Incidence rates per 100,000 live births were computed combining cases from the laboratory of Mendelian diabetes and from the questionnaire.

Cases with the transient form of neonatal/infancy onset diabetes mellitus may be lost at follow-up, during the period of remission, while cases with the permanent form are obviously less prone to this problem. For this reason, we decided to investigate, to the purpose of epidemiological assessment, a period of time reasonably long, but also as close as possible to the present days and posterior to the discovery of the main gene causing NDM, i.e. KCNJ11 [9]. In addition, we also distributed a questionnaire for data collection to all Italian clinics for pediatric diabetes, in order to identify cases with NDM that could have not been referred to the reference laboratory in Rome. Questionnaire’s results showed that this was in fact the case and four patients with TNDM born between 2005 and 2010 had been diagnosed with UDP6 in other laboratories. Nevertheless, in patients with transient diabetes, we observed—in contrast with the literature [1]—a higher prevalence of K_ATP mutations compared to defects of chromosome 6 (K_ATP = 6/15 vs. UDP6 = 5/15). Therefore, it is still possible that we could have missed some TNDM cases associated with UDP6, maybe referred to the 4 centers that have not sent back the questionnaire. In addition, the short duration of insulin therapy observed in two cases with UDP6 should alert about the thin line separating “true” cases with transient neonatal diabetes (i.e. cases by definition treated with insulin for at least 2 weeks) from patients with mild hyperglycemia due to other genetic causes and treated with insulin for short period [15].

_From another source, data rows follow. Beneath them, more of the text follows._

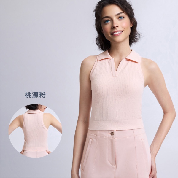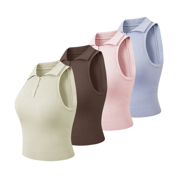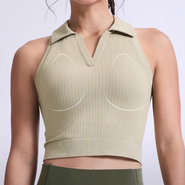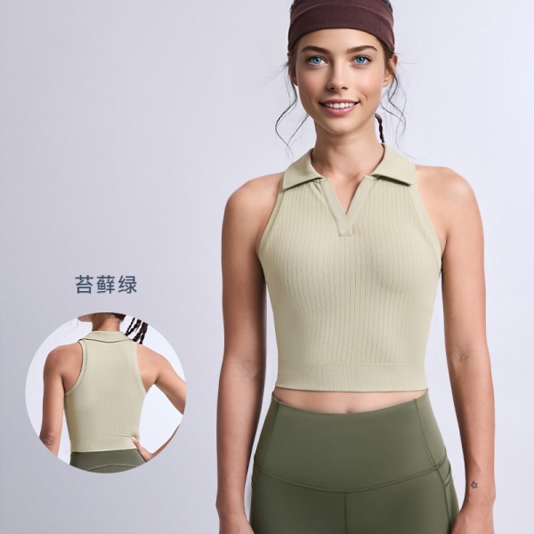 跨境新品纯色翻领运动背心女春夏健身上衣专业跑步户外运动内衣
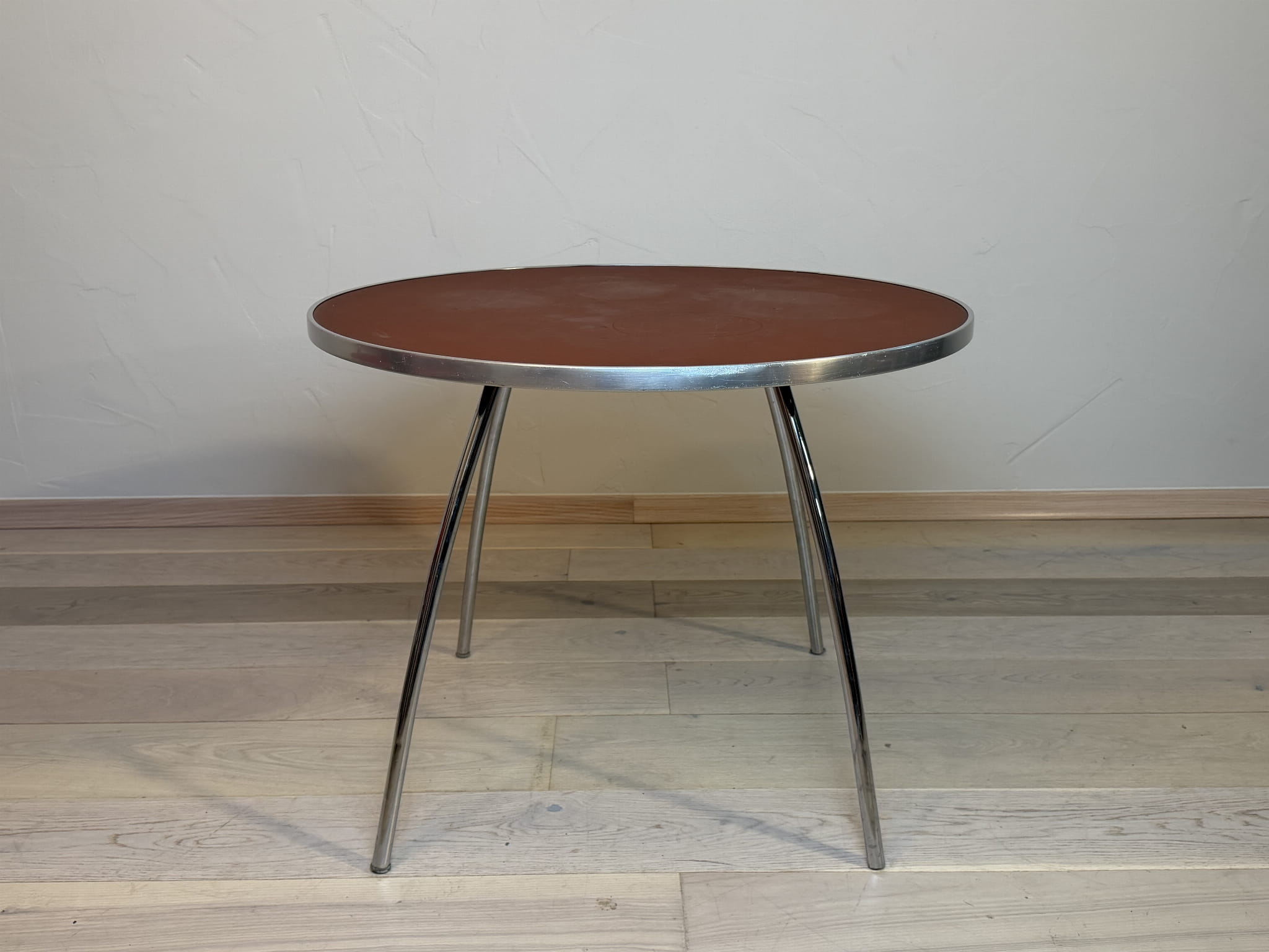 Stylowy okrągły stolik produkcji Mauser Werke, utrzymany w estetyce modernistycznej charakterystycznej dla niemieckiego wzornictwa powojennego. Model wyróżnia się ceglanym blatem o wyrazistym, ciepłym kolorze oraz chromowaną, smukłą konstrukcją nóg, która nadaje całości lekkości i industrialnego charakteru.
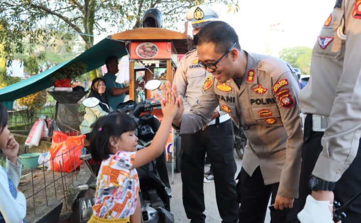 Kapolres Ketapang Polda Kalbar AKBP Yani Permana turun langsung ke jalan raya untuk menyapa warga masyarakat yang beraktifitas di sekitararan area Taman Kota Ketapang, Selasa (22/11/2022) Pukul 16.00 wib. Satu persatu warga masyarakat baik pengguna jalan, pengunjung taman serta para penjual asongan yang terbiasa menggelar lapak dagangannya di area taman, disapa dan diajak bercengkrama oleh..
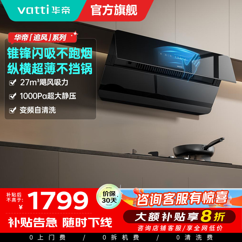 华帝(VATTI)[追风系列]烟灶联动侧吸式超薄抽油烟机变频27风量大吸力降噪 自动清洗挥手智控i111A7
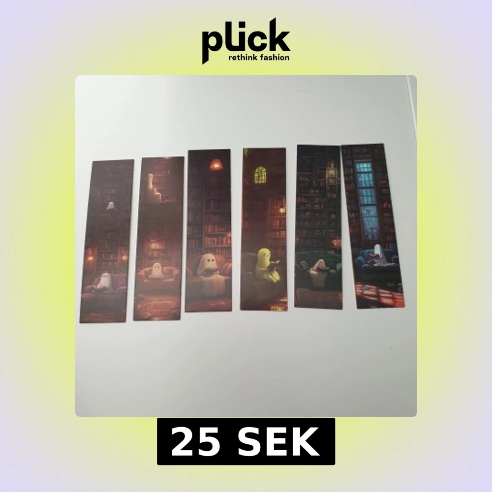 Ett set med sex bokmärken som visar söta spöken som läser böcker i mysiga biblioteksmiljöer. Perfekt för dig som älskar böcker, fantasy och vill ha en unik touch till din läsning. Passar både ungdomar och unga vuxna som vill göra läsningen lite roligare. Skick: oanvända, men verkar som färger har gått över lite från ena bokmärken till den andra baksida. Så är lite fläckigt.
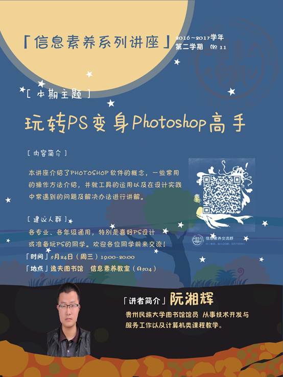 主 讲 人:阮湘辉,贵州民族大学馆员 从事技术开发与服务工作以及计算机类课程教学。
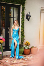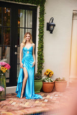 Get ready to slay in the Ava Presley Satin Center Keyhole Prom Dress 47032! This gown is pure fire, featuring a V-neckline and a center keyhole thats totally eye-catching. The crossed straps and lace-up low open back bring all the sassy vibes! Made from luxe satin, it feels amazing, while the pleating and chic slit let you show off your legs in style. The slim fit silhouette and spaghetti straps are a vibe, and the sweep train adds just the right amount of drama. Perfect for prom, this long dress is all about having fun, making memories, and feeling like an absolute queen!
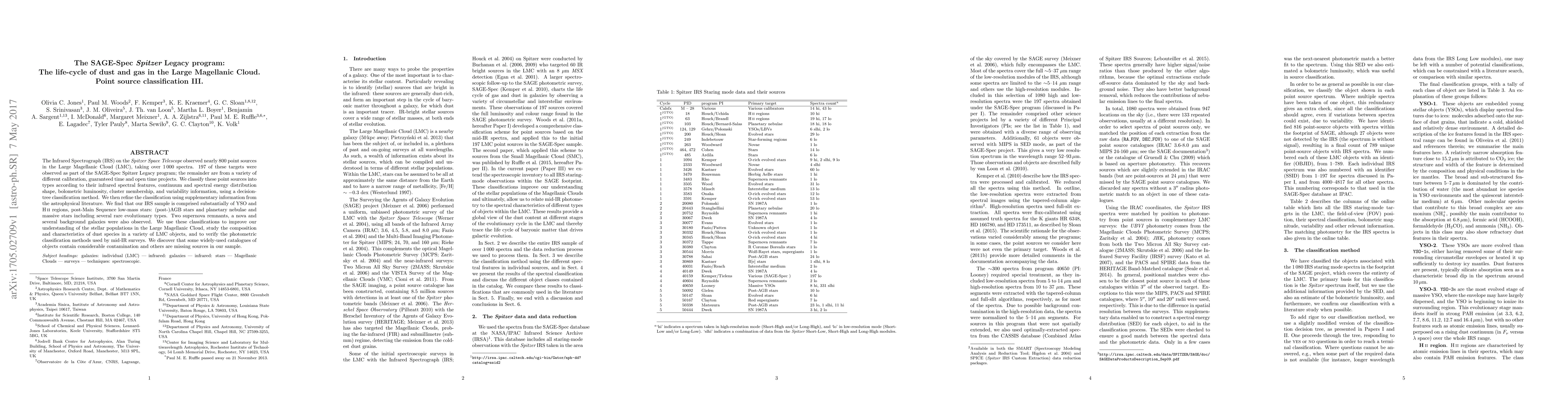 The SAGE-Spec Spitzer Legacy program classified nearly 800 point sources in the Large Magellanic Cloud using Spitzer's IRS, identifying YSOs, H\,{\sc ii} regions, post-AGB stars, and other stellar types. This classification enhances understanding of LMC stellar populations and dust composition.
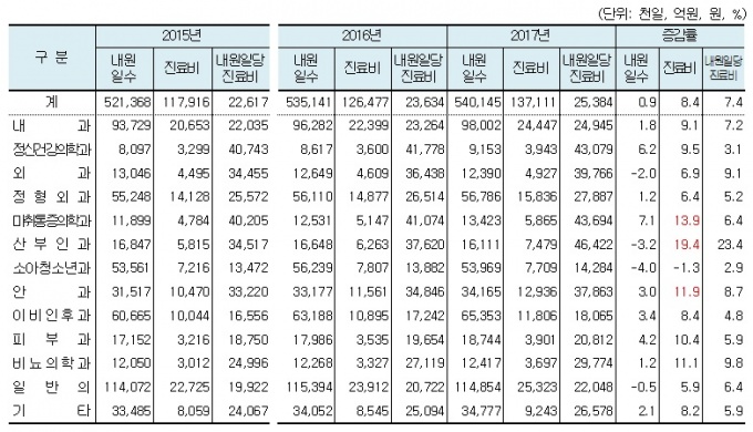 °¡Àå Å« ¹üÀ§¸¦ Â÷ÁöÇÏ´Â ÀÇ¿øÀÇ Áø·áºñ¸¦ ¼¼ºÎÀûÀ¸·Î ÆÄ¾ÇÇØº¸¸é, »êºÎÀΰúÀÇ Áø·áºñ Áõ°¡À²ÀÌ µµµå¶óÁ³´Ù. 2016³â 6263¾ï¿ø¿¡¼ 2017³â 7479¾ï¿øÀ¸·Î 19.4%ÀÇ Áõ°¡¼¼¸¦ º¸¿´´Ù.
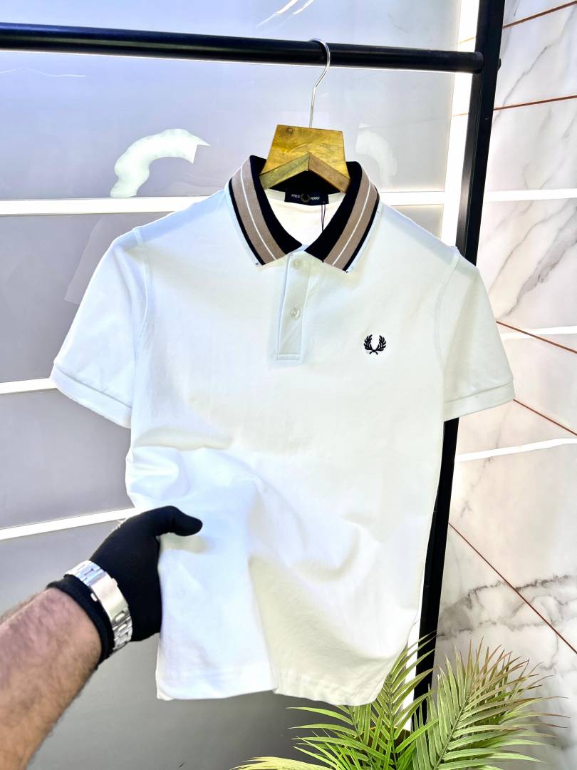 Fred Perry White Polo Premium Collar Neck T-shirt F2872-WH
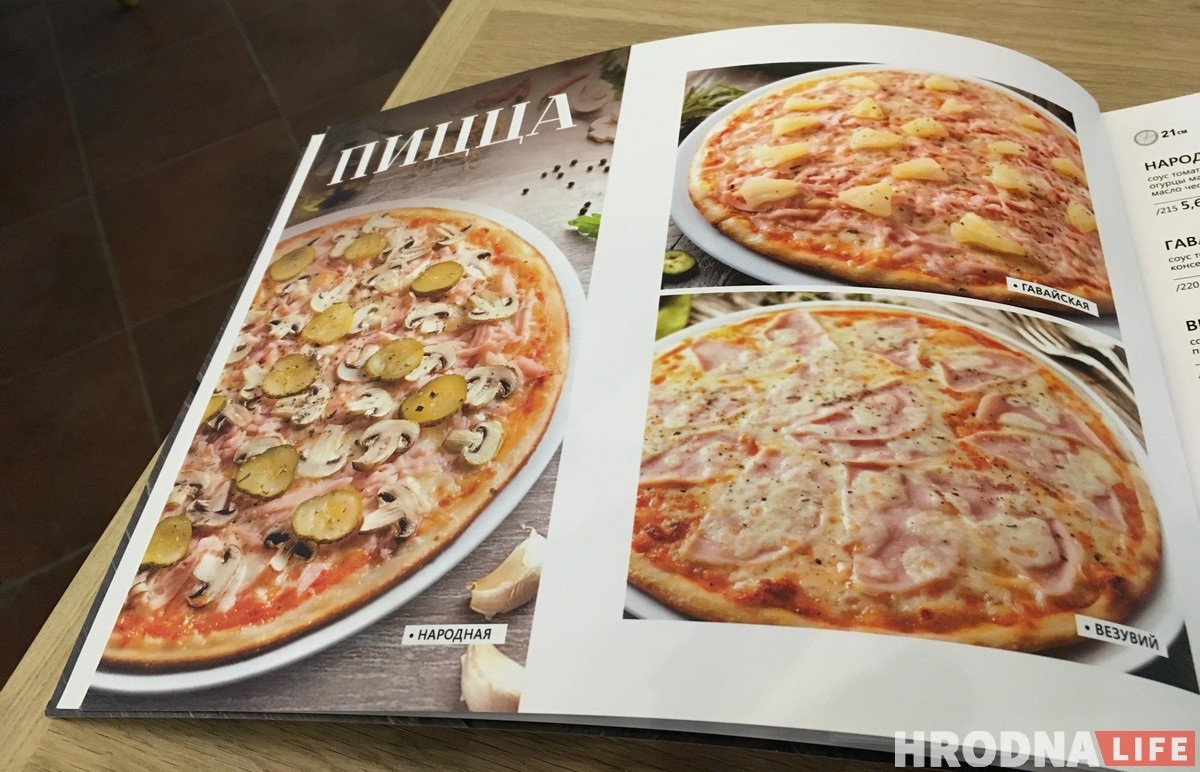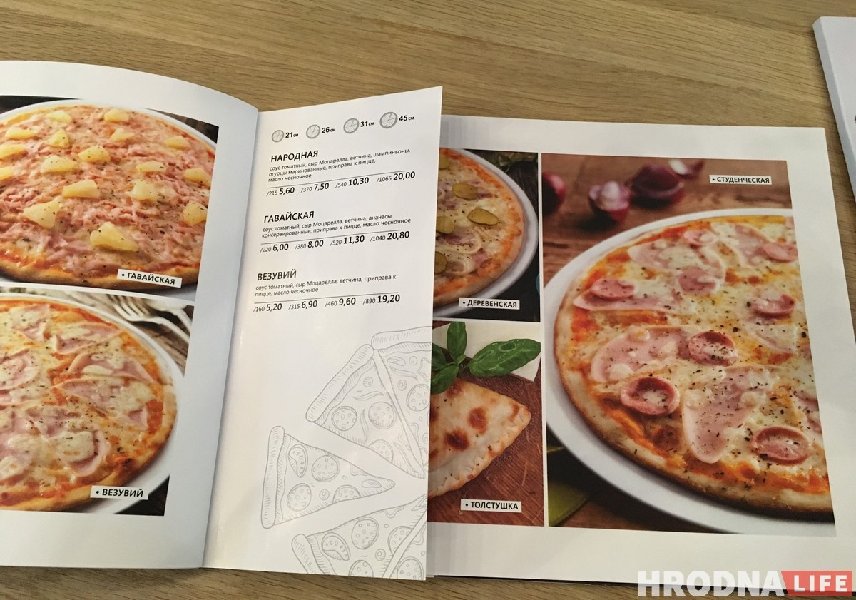 В ресторане более 28 видов пиццы четырех размеров: 21, 26, 31 и 45 см. Цены на маленькие пиццы начинаются от 4,2 руб. Самая большая пицца — 45 см — весит около килограмма.
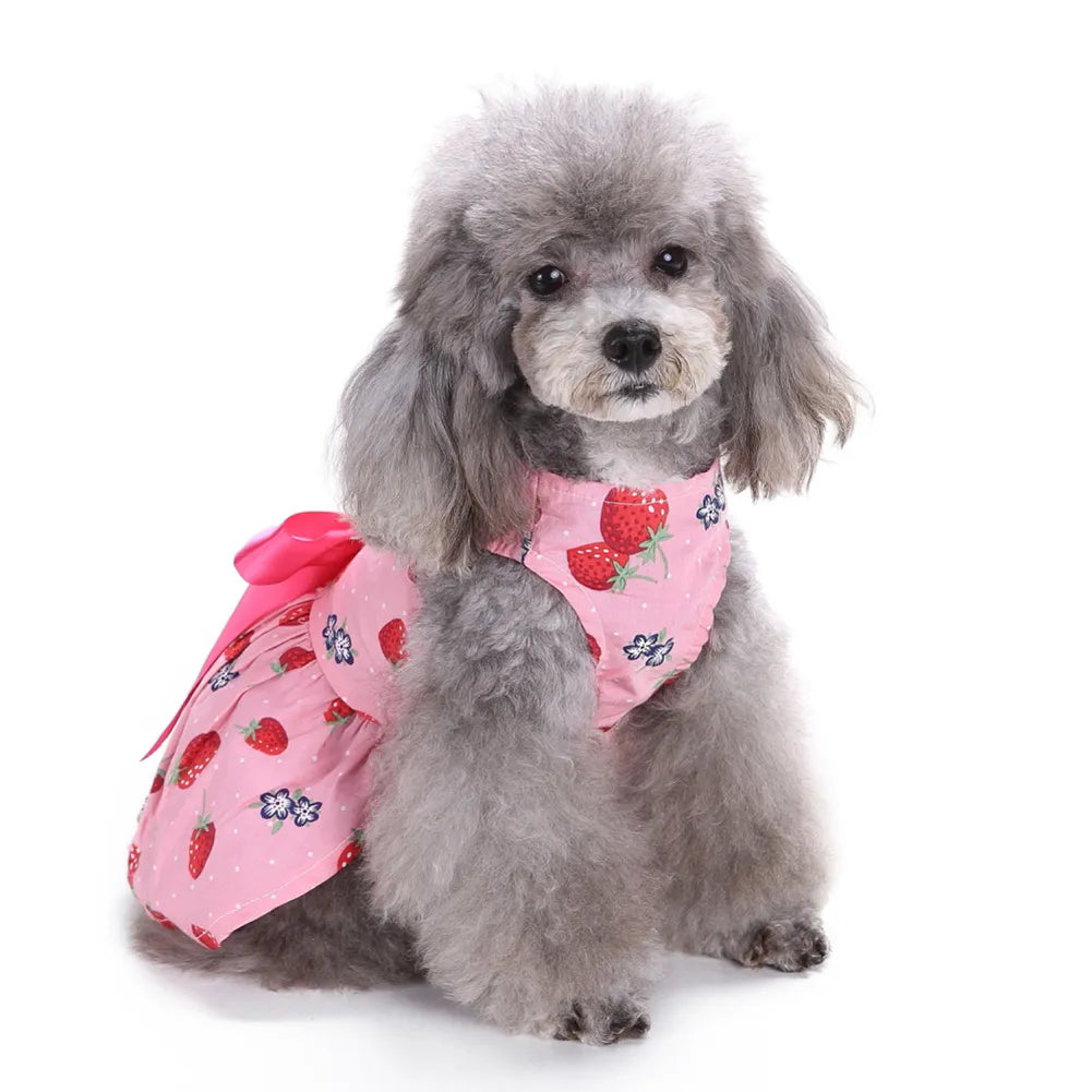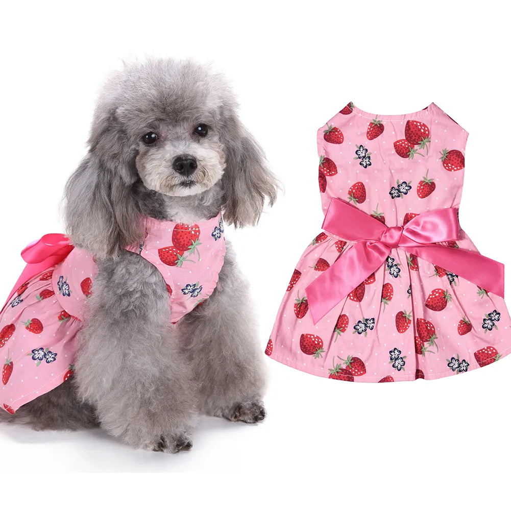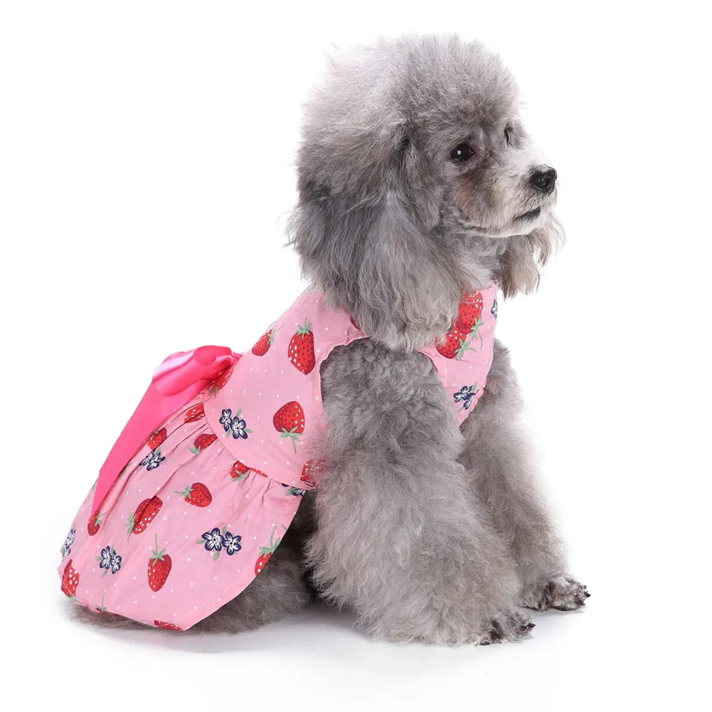 Features: Soft, Strawberry Pattern, Ribbon Bowknot, Pet Supplies
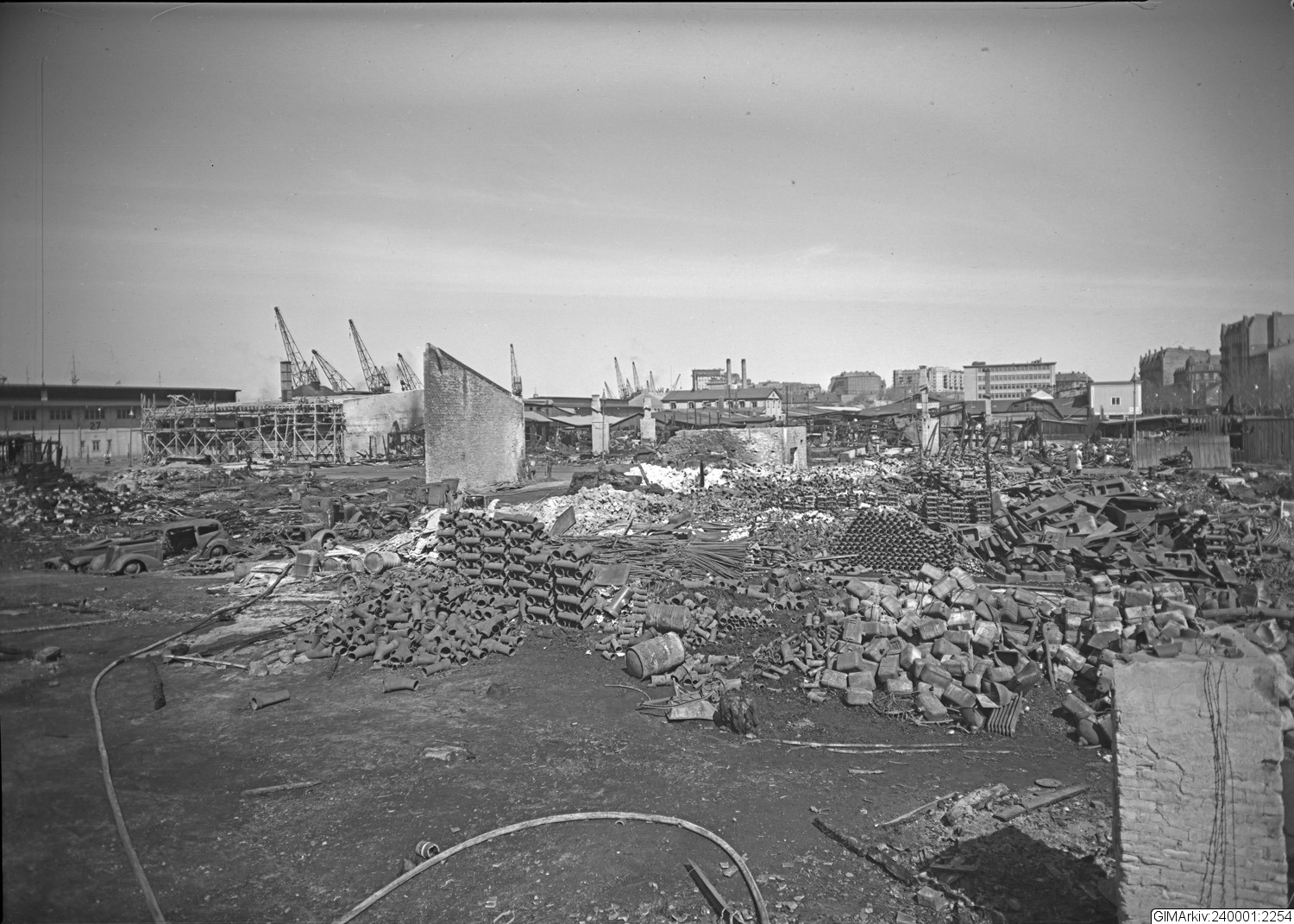 Förvarad i kuvert med texten: "Brandplats. "brända tomten"? Lars Forselius. Info: skylt med Söderberg & Bengtsson. Kan ev vara Järntorget el. Masthugget. 1:a Långgatan. Kv- Barkassen brann 1935."

A similar incidence of NDM of 1:89,000 has been recently reported from Germany [16]. However, though incidence rates were almost identical, we noticed three major differences with our study: (1) patients with TNDM represented only 10% of the total, (2) type 1 diabetes autoantibodies were present in seven patients with permanent diabetes, and (3) a mutation was found in only 30% of cases. In our study, patients with PNDM and TNDM accounted for about 50% of cases each, a mutation was found in 74% of patients (23/31), and all cases were negative for type 1 autoantibodies. We can not offer at this time any explanation for all the discrepancies observed between the two studies.

In conclusion, the present study and our previous results [3] indicate that a genetic diagnosis can be reached in most patients with NDM and confers robustness to our epidemiological data. At an incidence rate of 1:90,000 live births, about six individuals presenting with neonatal diabetes are expected to be born in Italy each year.